For decision theory, solve and answer the word problems using spreadsheets or excel following the different techniques in decision-making. In decision tree analysis, draw a decision tree for each of the following decision situation. Show each decision point and each chance event. Insert probability values and financial data. Use rollback or fold back method to analyze each situation.

1. The manufacturer, WanTo3 produces products that have a probability to be defective.

These products are divided into batches of 200. Past experience reveals that some (batches) are of good quality (i.e. p=0.05) and some are of bad quality (i.e. p=0.25). In addition, 80% of the batches produced are of good quality and 20% of the batches are of bad quality. These products are then used in an assembly, and before the final assembly leaves the factory, their consistency is finally determined. At a gross average cost of 15 per item, the manufacturer may either screen each item in a batch and replace defective products, or use the items directly without screening. Ultimately, if the latter action is taken, the rework cost is 150 per defective product. For these data, the costs per batch can be calculated as follows:

p = 0.05 p = 0.25

Screen 3000 3000

Do not Screen 1500 7500

Because screening requires inspectors and equipment scheduling, it is important to make the decision to screen or not to screen 2 days before the proposed screening takes place.

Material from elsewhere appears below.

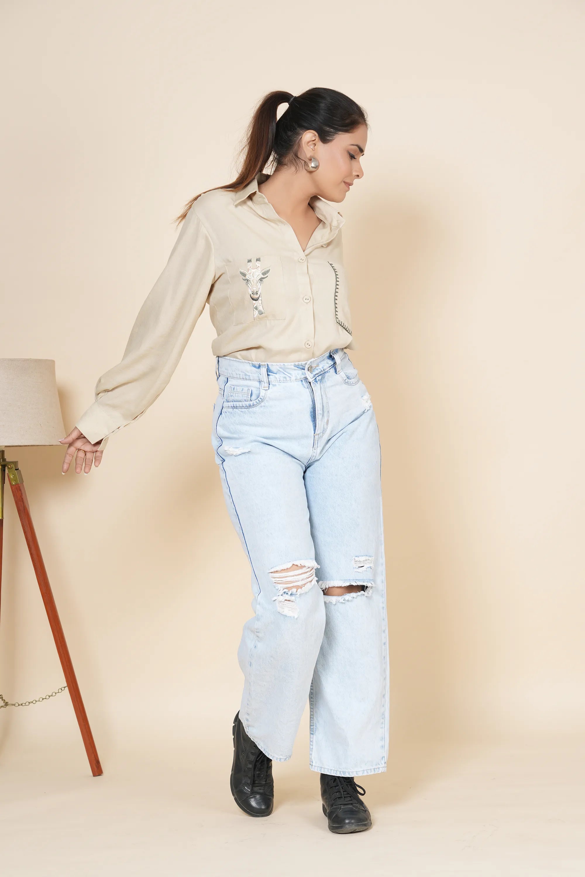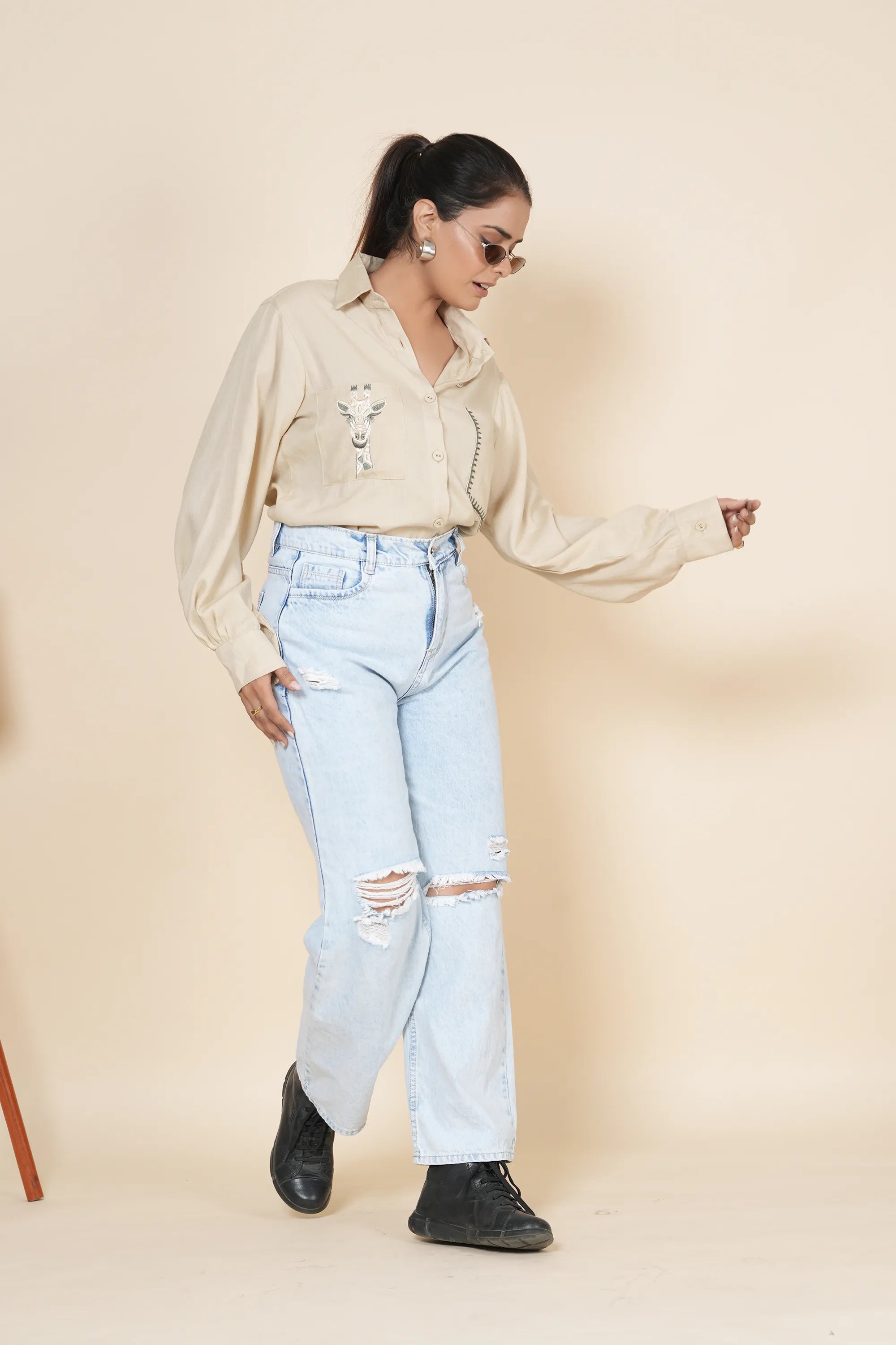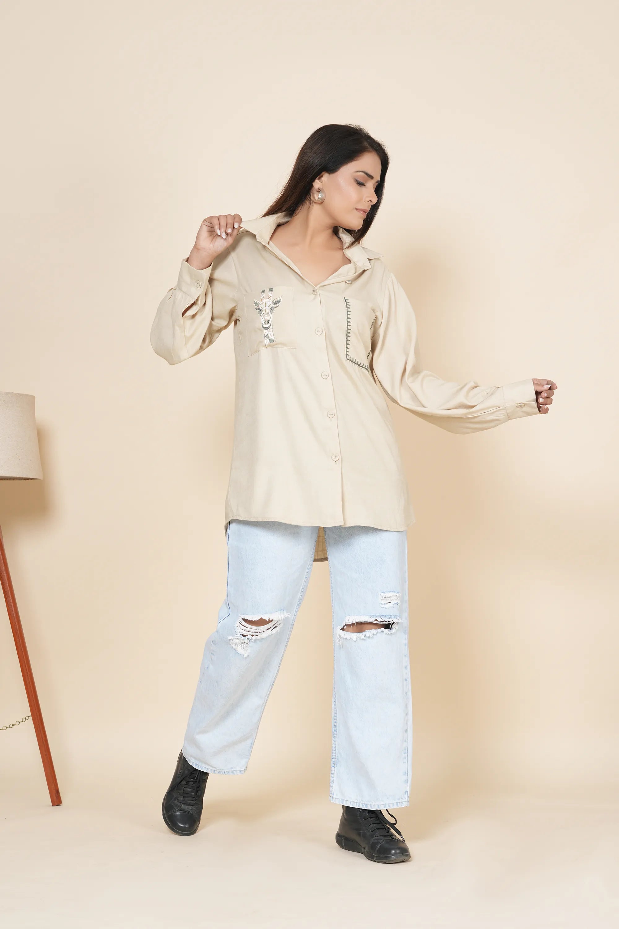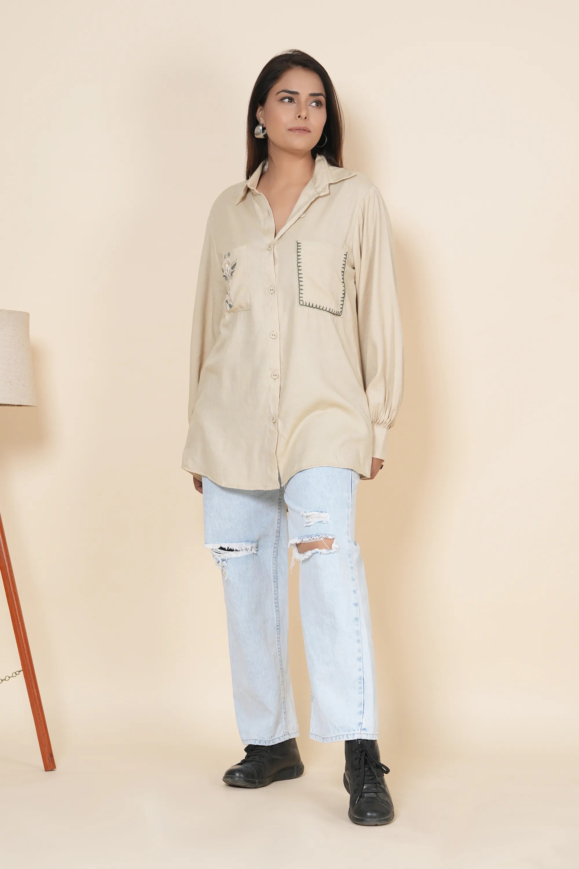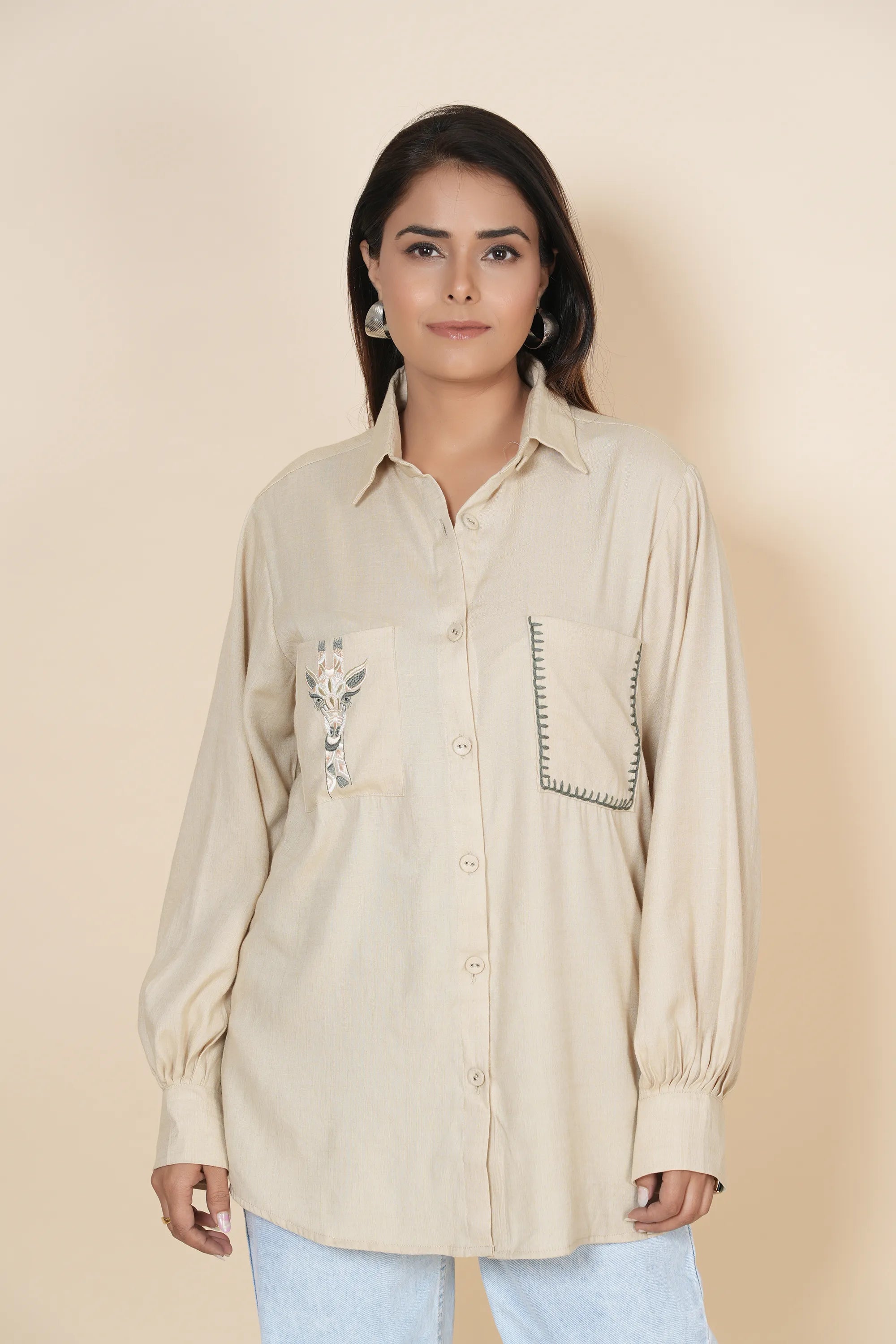 Shirt: Beige Base, Delicate Thread Work Embroidery, Classic Collar, Full Sleeves Gathered at Cuffs, Two Front Pockets, Fabric Buttons, Button-Down Front Closure

However, manufacturers can take one item from a batch and submit it to a laboratory, and it is possible to report the test results (defective or non-defective) before making the screen/no-screen decision. The tested object is returned to its batch following the laboratory examination. The cost of this initial inspection is 175. Also note that the probability that a random sample item is defective is

0.8 * 0.05 + 0.2 * 0.25 = 0.09,

and the probability that an item in a lot is of good quality given a randomly sampled item is defective is 0.444 and the probability that an item in a lot is of good quality given a randomly sampled item is not defective is 0.835. The manufacture wants to minimize his or her cost.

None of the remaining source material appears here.